YOUR OBJECTIVE: Restate the data below word for word. Leave the images out.

** Opening GIVEN INFORMATION block **

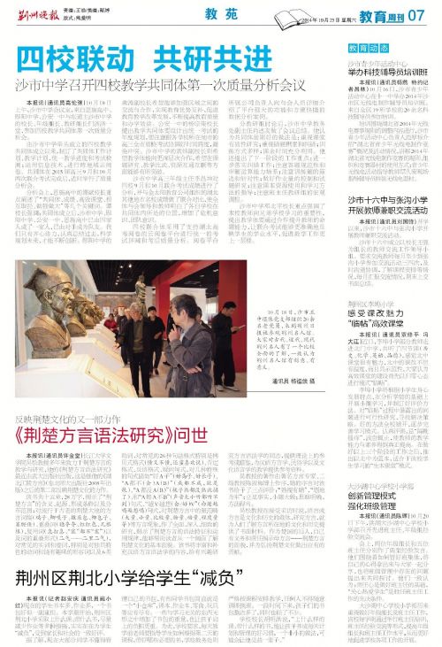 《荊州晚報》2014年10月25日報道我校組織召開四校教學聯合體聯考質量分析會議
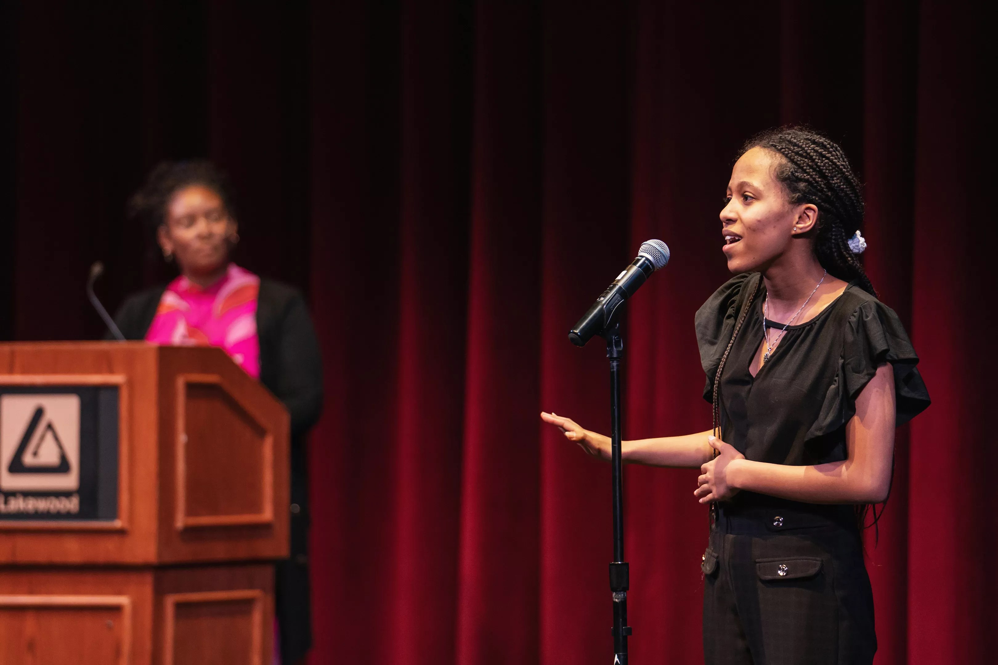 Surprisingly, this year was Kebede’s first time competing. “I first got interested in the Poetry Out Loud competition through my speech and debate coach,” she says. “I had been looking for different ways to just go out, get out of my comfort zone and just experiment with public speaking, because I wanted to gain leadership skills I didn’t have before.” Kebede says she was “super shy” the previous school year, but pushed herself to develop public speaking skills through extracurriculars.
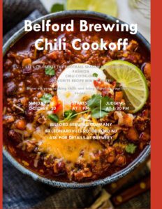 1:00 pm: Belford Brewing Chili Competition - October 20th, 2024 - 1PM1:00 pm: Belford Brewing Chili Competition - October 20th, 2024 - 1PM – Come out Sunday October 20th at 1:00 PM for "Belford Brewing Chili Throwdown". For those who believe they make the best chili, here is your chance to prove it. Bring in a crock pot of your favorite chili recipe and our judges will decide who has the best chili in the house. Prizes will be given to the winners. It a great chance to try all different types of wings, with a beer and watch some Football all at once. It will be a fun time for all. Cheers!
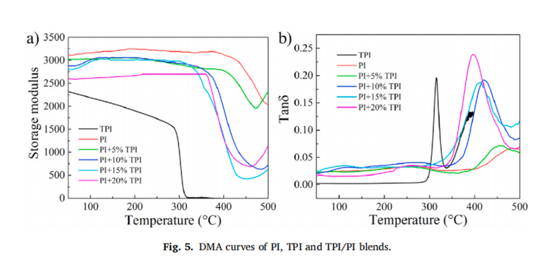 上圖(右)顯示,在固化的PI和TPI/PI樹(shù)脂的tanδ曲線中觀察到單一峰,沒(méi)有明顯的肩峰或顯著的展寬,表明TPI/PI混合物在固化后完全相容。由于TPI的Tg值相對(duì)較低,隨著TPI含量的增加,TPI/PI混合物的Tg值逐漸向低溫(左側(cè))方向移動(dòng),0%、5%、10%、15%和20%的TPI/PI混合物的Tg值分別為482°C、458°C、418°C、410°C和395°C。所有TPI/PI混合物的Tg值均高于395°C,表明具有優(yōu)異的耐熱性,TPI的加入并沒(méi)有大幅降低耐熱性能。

** Closing GIVEN INFORMATION block **

TASK ANSWER:
 《荊州晚報》2014年10月25日報道我校組織召開四校教學聯合體聯考質量分析會議
 Surprisingly, this year was Kebede’s first time competing. “I first got interested in the Poetry Out Loud competition through my speech and debate coach,” she says. “I had been looking for different ways to just go out, get out of my comfort zone and just experiment with public speaking, because I wanted to gain leadership skills I didn’t have before.” Kebede says she was “super shy” the previous school year, but pushed herself to develop public speaking skills through extracurriculars.
 1:00 pm: Belford Brewing Chili Competition - October 20th, 2024 - 1PM1:00 pm: Belford Brewing Chili Competition - October 20th, 2024 - 1PM – Come out Sunday October 20th at 1:00 PM for "Belford Brewing Chili Throwdown". For those who believe they make the best chili, here is your chance to prove it. Bring in a crock pot of your favorite chili recipe and our judges will decide who has the best chili in the house. Prizes will be given to the winners. It a great chance to try all different types of wings, with a beer and watch some Football all at once. It will be a fun time for all. Cheers!
 上圖(右)顯示,在固化的PI和TPI/PI樹(shù)脂的tanδ曲線中觀察到單一峰,沒(méi)有明顯的肩峰或顯著的展寬,表明TPI/PI混合物在固化后完全相容。由于TPI的Tg值相對(duì)較低,隨著TPI含量的增加,TPI/PI混合物的Tg值逐漸向低溫(左側(cè))方向移動(dòng),0%、5%、10%、15%和20%的TPI/PI混合物的Tg值分別為482°C、458°C、418°C、410°C和395°C。所有TPI/PI混合物的Tg值均高于395°C,表明具有優(yōu)異的耐熱性,TPI的加入并沒(méi)有大幅降低耐熱性能。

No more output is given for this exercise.